Starting at the first line of the listing below, repeat each line exactly until the line containing "Cerchar Abrasive Index: The", which you include. Leave out pictures.

■ Exercise data:
[Start of section]

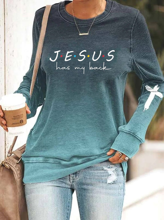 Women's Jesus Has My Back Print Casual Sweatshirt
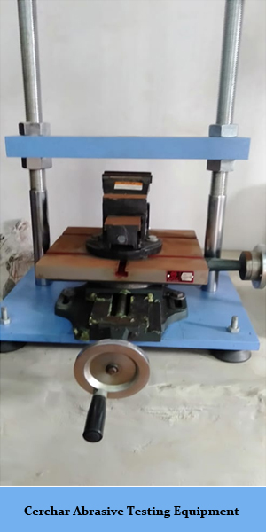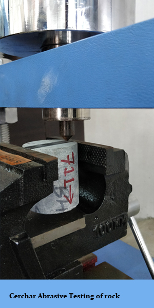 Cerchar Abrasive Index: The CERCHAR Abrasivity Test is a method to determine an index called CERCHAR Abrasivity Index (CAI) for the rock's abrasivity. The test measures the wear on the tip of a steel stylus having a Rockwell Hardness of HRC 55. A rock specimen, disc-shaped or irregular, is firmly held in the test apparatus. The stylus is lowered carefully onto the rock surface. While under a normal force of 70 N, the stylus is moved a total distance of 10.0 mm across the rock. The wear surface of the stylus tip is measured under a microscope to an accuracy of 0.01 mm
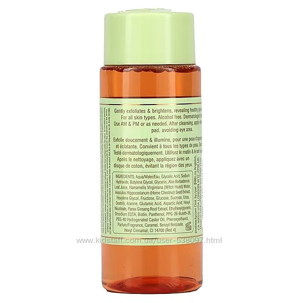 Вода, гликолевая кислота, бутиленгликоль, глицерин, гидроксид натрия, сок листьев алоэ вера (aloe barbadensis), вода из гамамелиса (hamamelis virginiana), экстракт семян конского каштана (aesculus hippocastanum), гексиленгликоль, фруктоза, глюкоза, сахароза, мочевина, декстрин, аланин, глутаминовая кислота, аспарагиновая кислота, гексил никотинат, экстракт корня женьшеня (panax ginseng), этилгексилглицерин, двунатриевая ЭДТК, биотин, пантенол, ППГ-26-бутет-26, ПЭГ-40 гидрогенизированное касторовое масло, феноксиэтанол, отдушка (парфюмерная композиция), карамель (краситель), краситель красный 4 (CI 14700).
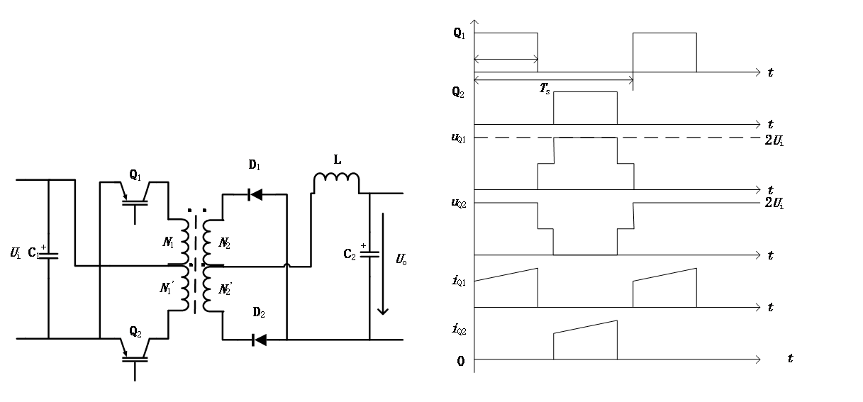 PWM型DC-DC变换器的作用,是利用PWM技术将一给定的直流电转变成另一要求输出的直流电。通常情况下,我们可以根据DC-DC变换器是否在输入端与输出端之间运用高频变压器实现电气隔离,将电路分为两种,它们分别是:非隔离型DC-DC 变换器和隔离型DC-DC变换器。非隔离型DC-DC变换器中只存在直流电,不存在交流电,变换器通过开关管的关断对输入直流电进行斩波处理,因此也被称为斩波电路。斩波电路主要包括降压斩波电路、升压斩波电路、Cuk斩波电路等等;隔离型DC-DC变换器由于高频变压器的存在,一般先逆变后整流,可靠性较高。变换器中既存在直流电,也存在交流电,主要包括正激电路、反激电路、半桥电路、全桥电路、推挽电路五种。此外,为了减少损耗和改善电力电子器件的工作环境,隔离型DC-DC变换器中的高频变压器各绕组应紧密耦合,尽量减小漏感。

[End of section]

■ Worked solution:
 Women's Jesus Has My Back Print Casual Sweatshirt
 Cerchar Abrasive Index: The CERCHAR Abrasivity Test is a method to determine an index called CERCHAR Abrasivity Index (CAI) for the rock's abrasivity. The test measures the wear on the tip of a steel stylus having a Rockwell Hardness of HRC 55. A rock specimen, disc-shaped or irregular, is firmly held in the test apparatus. The stylus is lowered carefully onto the rock surface. While under a normal force of 70 N, the stylus is moved a total distance of 10.0 mm across the rock. The wear surface of the stylus tip is measured under a microscope to an accuracy of 0.01 mm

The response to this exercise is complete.